The lesson I take from that is, first of all, we, as a society, as a world, get better off when we allow these things to proceed. That’s number one. Number two: There are disruptions and to the degree that we can mitigate the disruptions for individuals, buy them off, so to speak, we probably should do that. And the third thing is Friedrich Hayek’s old idea of merit versus value. That the fact that something is valued in the marketplace at a given time is strictly a matter—he even put it this way—of supply and demand. And it doesn’t say anything about your merit as a human being, and we often conflate those two things. People feel they’re disrespected, and also people who are riding high, like tech people, think they’re better than everybody else. That arrogance helps trigger some of the pushback. So yeah, it’s a struggle that goes back at least to the 18th century. But if you take the long view, you get what Deirdre McCloskey calls “the Great Enrichment,” which is not only a single leap in technology, but a continuous building of both incremental and macro inventions that make everyone better off.

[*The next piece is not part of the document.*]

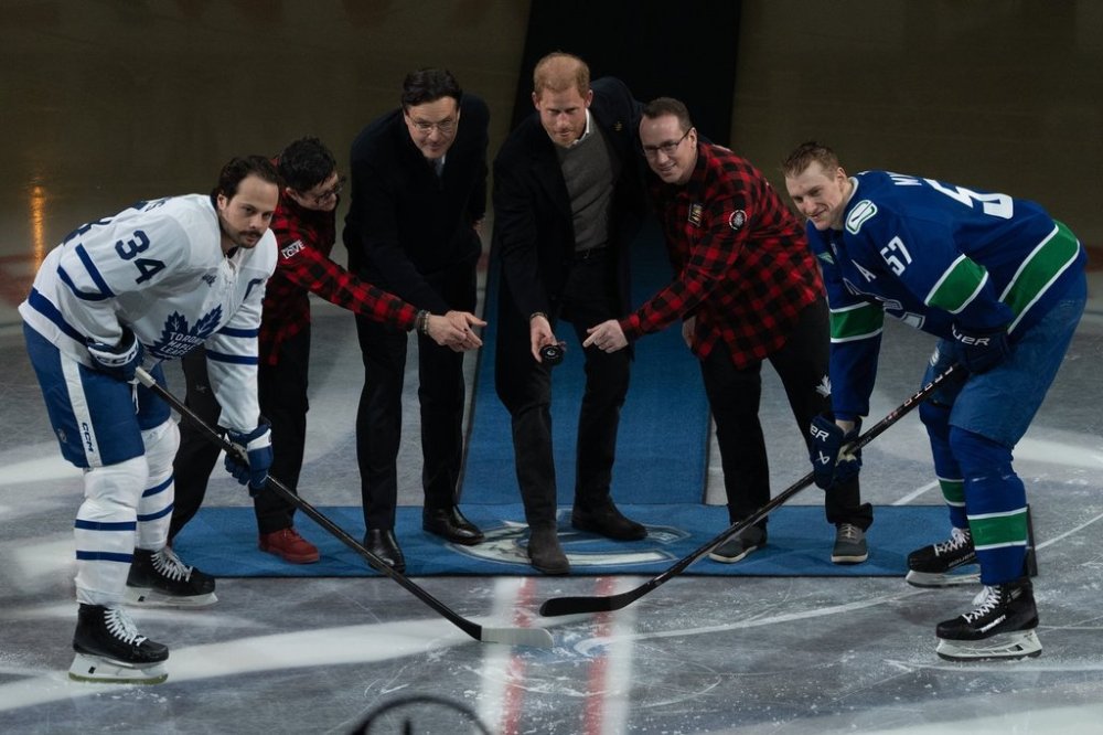 VANCOUVER – Prince Harry dropped the puck during a ceremonial opening faceoff before the Vancouver Canucks hosted the Toronto Maple Leafs on Saturday.

James Pethokoukis is the Dewitt Wallace Fellow at the American Enterprise Institute, where he writes and edits the AEIdeas blog and hosts a weekly podcast, “Political Economy with James Pethokoukis.” Virginia Postrel is an author, Bloomberg Opinion columnist, and visiting fellow at the Smith Institute for Political Economy and Philosophy at Chapman University. Her latest book is The Fabric of Civilization: How Textiles Made the World.